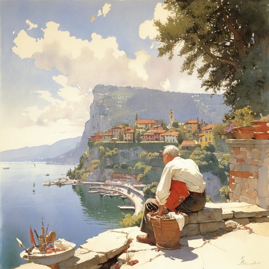 A sun-drenched Impressionist watercolor of a Mediterranean landscape. The vintage scene evokes Lake Garda, Italy, rendered with layered brushstrokes. This artwork captures a serene lakeside view.
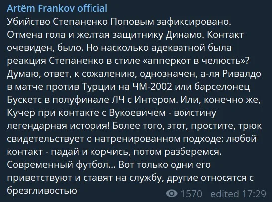 Головний редактор журналу "Футбол" Артем Франков, який відкрито вболіває за Динамо, визнає, що контакт між Поповим і Степаненком був, але зазначає неадекватну реакцію хавбека донеччан.
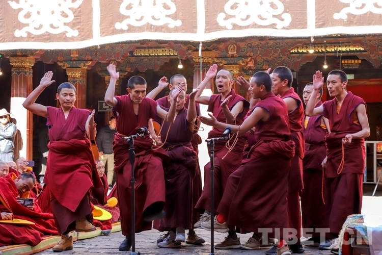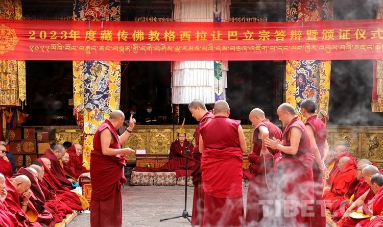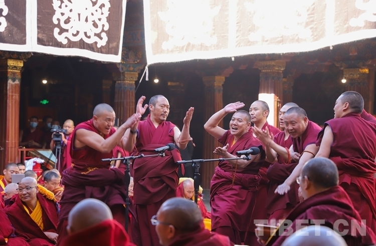 按照傳統(tǒng)慣例,在無齋佛事活動(dòng)后,在考評委員會的監(jiān)考下,通過2023年夏季預(yù)考并獲得立宗答辯資格的13名考僧輪流答辯陪考眾僧所提的有關(guān)《釋量論》《般若論》《中觀論》《俱舍論》《戒律論》五部經(jīng)典方面的內(nèi)容。
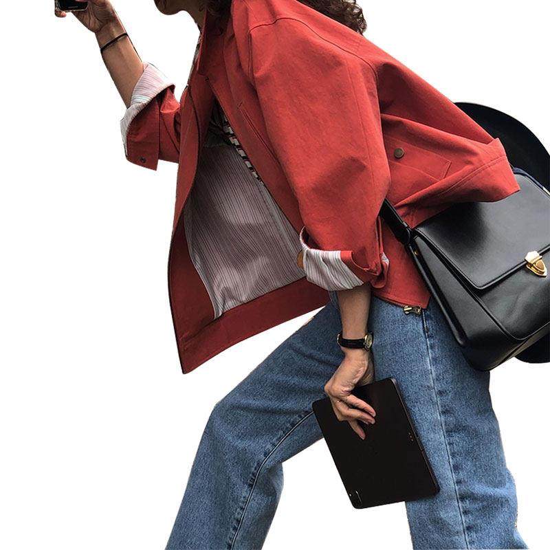 IT UNDER GARDEN 早春装复古工装拉链薄款外套女宽松显瘦休闲酒红
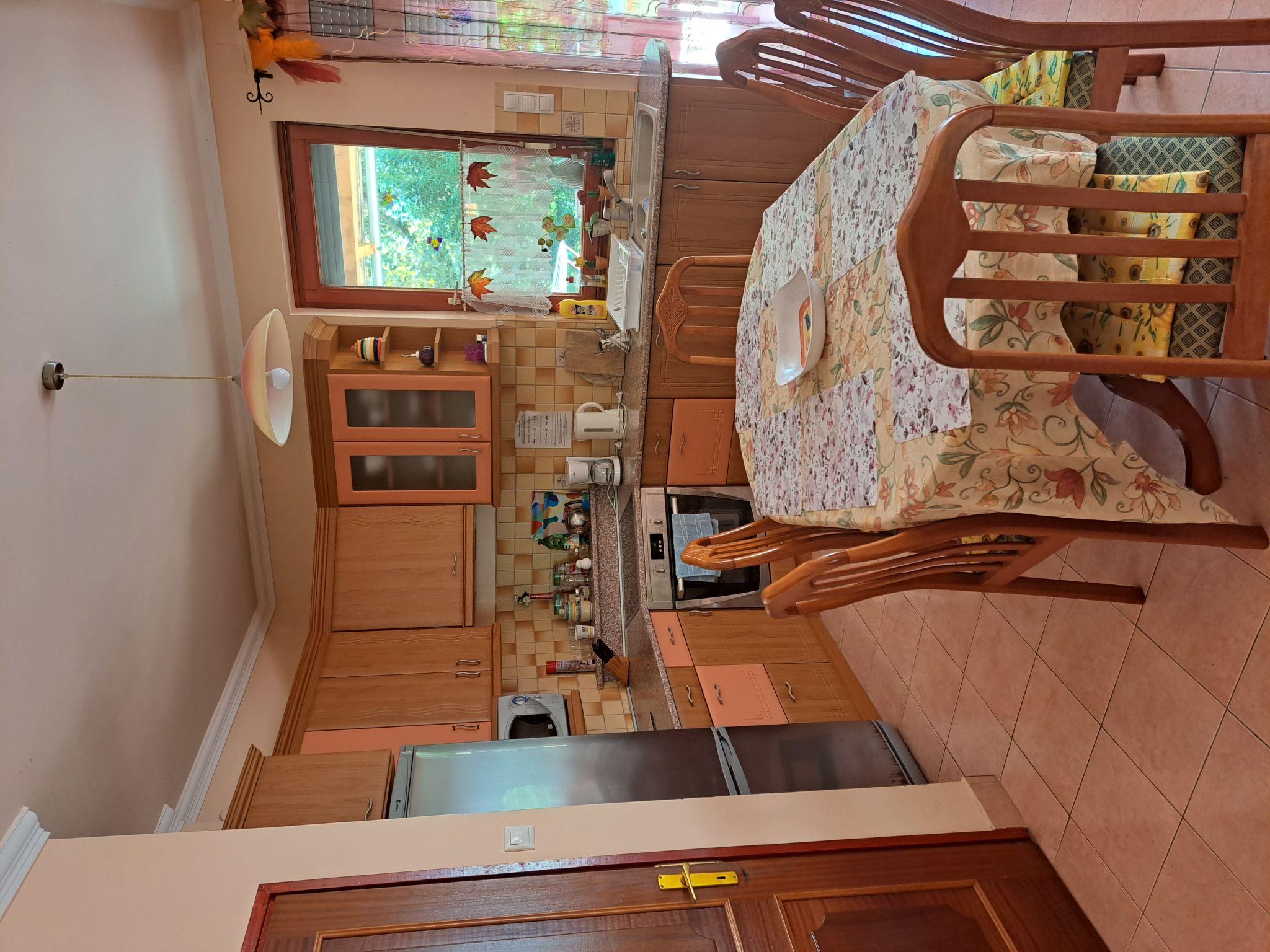 "Boros", 4-Zimmer-Haus 90 m2 auf 2 Stockwerken. Zweckmässig eingerichtet: Wohnzimmer mit Esstisch, Sat-TV und Stereoanlage. Ausgang zur Terrasse. Offene Küche (Backofen, Geschirrspüler, 4 Glaskeramikplatten, Toaster, Wasserkocher, Mikrowelle, Tiefkühler, elektrische Kaffeemaschine). Dusche/WC. Keine Heizmöglichkeit. Dachgeschoss: 1 abgeschrägtes Zimmer mit 1 franz. Bett. 1 abgeschrägtes Doppelzimmer. 1 abgeschrägtes Zimmer mit 1 Bett und 1 franz. Bett (160 cm, Länge 200 cm). Bad/WC. Klimaanlage. Keine Heizmöglichkeit. Parkettboden. Terrasse teilweise überdacht. Terrassenmöbel, Liegestühle (2). Zur Verfügung: Internet (Wireless LAN, gratis). Bitte beachten: Nichtraucher-Haus. MA20009320

========

■ Problem
Pictures are to be omitted. The lines from the line holding "按照傳統(tǒng)慣例,在" through the closing line of the data above are to be set down exactly, and nothing more.

■ Response
 按照傳統(tǒng)慣例,在無齋佛事活動(dòng)后,在考評委員會的監(jiān)考下,通過2023年夏季預(yù)考并獲得立宗答辯資格的13名考僧輪流答辯陪考眾僧所提的有關(guān)《釋量論》《般若論》《中觀論》《俱舍論》《戒律論》五部經(jīng)典方面的內(nèi)容。
 IT UNDER GARDEN 早春装复古工装拉链薄款外套女宽松显瘦休闲酒红
 "Boros", 4-Zimmer-Haus 90 m2 auf 2 Stockwerken. Zweckmässig eingerichtet: Wohnzimmer mit Esstisch, Sat-TV und Stereoanlage. Ausgang zur Terrasse. Offene Küche (Backofen, Geschirrspüler, 4 Glaskeramikplatten, Toaster, Wasserkocher, Mikrowelle, Tiefkühler, elektrische Kaffeemaschine). Dusche/WC. Keine Heizmöglichkeit. Dachgeschoss: 1 abgeschrägtes Zimmer mit 1 franz. Bett. 1 abgeschrägtes Doppelzimmer. 1 abgeschrägtes Zimmer mit 1 Bett und 1 franz. Bett (160 cm, Länge 200 cm). Bad/WC. Klimaanlage. Keine Heizmöglichkeit. Parkettboden. Terrasse teilweise überdacht. Terrassenmöbel, Liegestühle (2). Zur Verfügung: Internet (Wireless LAN, gratis). Bitte beachten: Nichtraucher-Haus. MA20009320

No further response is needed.